**Material provided**
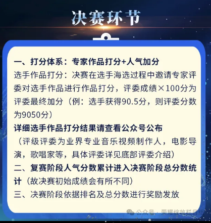 利用AI工具進行音樂視頻創(chuàng)作,在截止日期前 按要求提交最終作品 (音頻或視頻或圖片文件+簡短創(chuàng)作說明)。 Step3:初篩入圍- 組委會進行基礎審核(符合主題、技術應用、格式要求等), 公布入圍名單。 Step4:網(wǎng)絡復賽展評 - 入圍作品在官方平臺網(wǎng)絡展評。
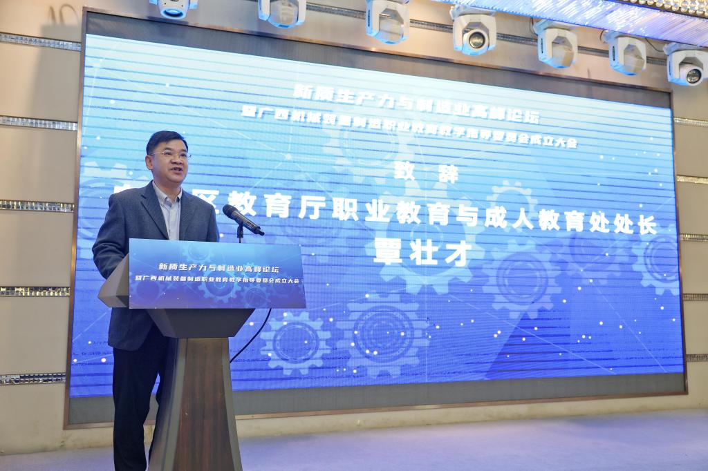 覃壮才在致辞中表示,广西机械装备制造职业教育教学指导委员会的成立,将更好发挥机械行业在职业教育教学和质量提升中的指导作用,顺应产业发展新形势和对技术技能人才培养的新需求,为广西乃至全国的机械装备制造培养更多高素质技术技能人才。自治区教育厅将加大对机械装备行指委工作的支持力度,为后续开展工作提供必要的条件和支持。
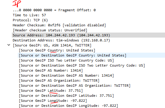 - With this set we can look at the IP layer of a packet and view the GeoIP which will include the City, Country and even map coordinates
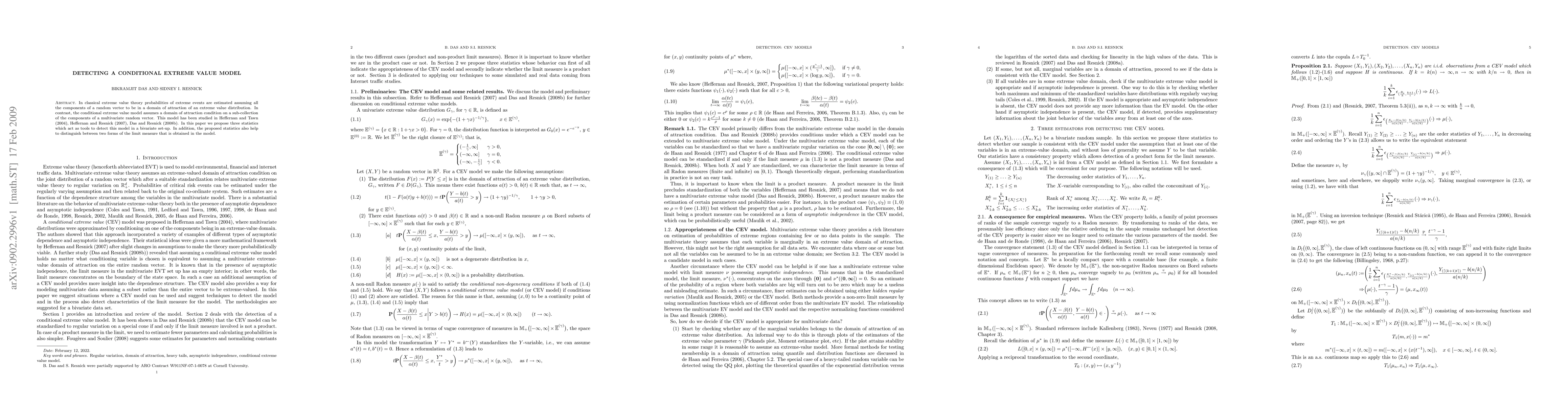 In classical extreme value theory probabilities of extreme events are estimated assuming all the components of a random vector to be in a domain of attraction of an extreme value distribution. In contrast, the conditional extreme value model assumes a domain of attraction condition on a sub-collection of the components of a multivariate random vector. This model has been studied in \cite{heffernan:tawn:2004,heffernan:resnick:2007,das:resnick:2008a}. In this paper we propose three statistics which act as tools to detect this model in a bivariate set-up. In addition, the proposed statistics also help to distinguish between two forms of the limit measure that is obtained in the model.

**Problem**
Leave out the pictures and restate, word for word, the lines from the top of the data through the line containing "- With this", both included.

**Response to this task**
 利用AI工具進行音樂視頻創(chuàng)作,在截止日期前 按要求提交最終作品 (音頻或視頻或圖片文件+簡短創(chuàng)作說明)。 Step3:初篩入圍- 組委會進行基礎審核(符合主題、技術應用、格式要求等), 公布入圍名單。 Step4:網(wǎng)絡復賽展評 - 入圍作品在官方平臺網(wǎng)絡展評。
 覃壮才在致辞中表示,广西机械装备制造职业教育教学指导委员会的成立,将更好发挥机械行业在职业教育教学和质量提升中的指导作用,顺应产业发展新形势和对技术技能人才培养的新需求,为广西乃至全国的机械装备制造培养更多高素质技术技能人才。自治区教育厅将加大对机械装备行指委工作的支持力度,为后续开展工作提供必要的条件和支持。
 - With this set we can look at the IP layer of a packet and view the GeoIP which will include the City, Country and even map coordinates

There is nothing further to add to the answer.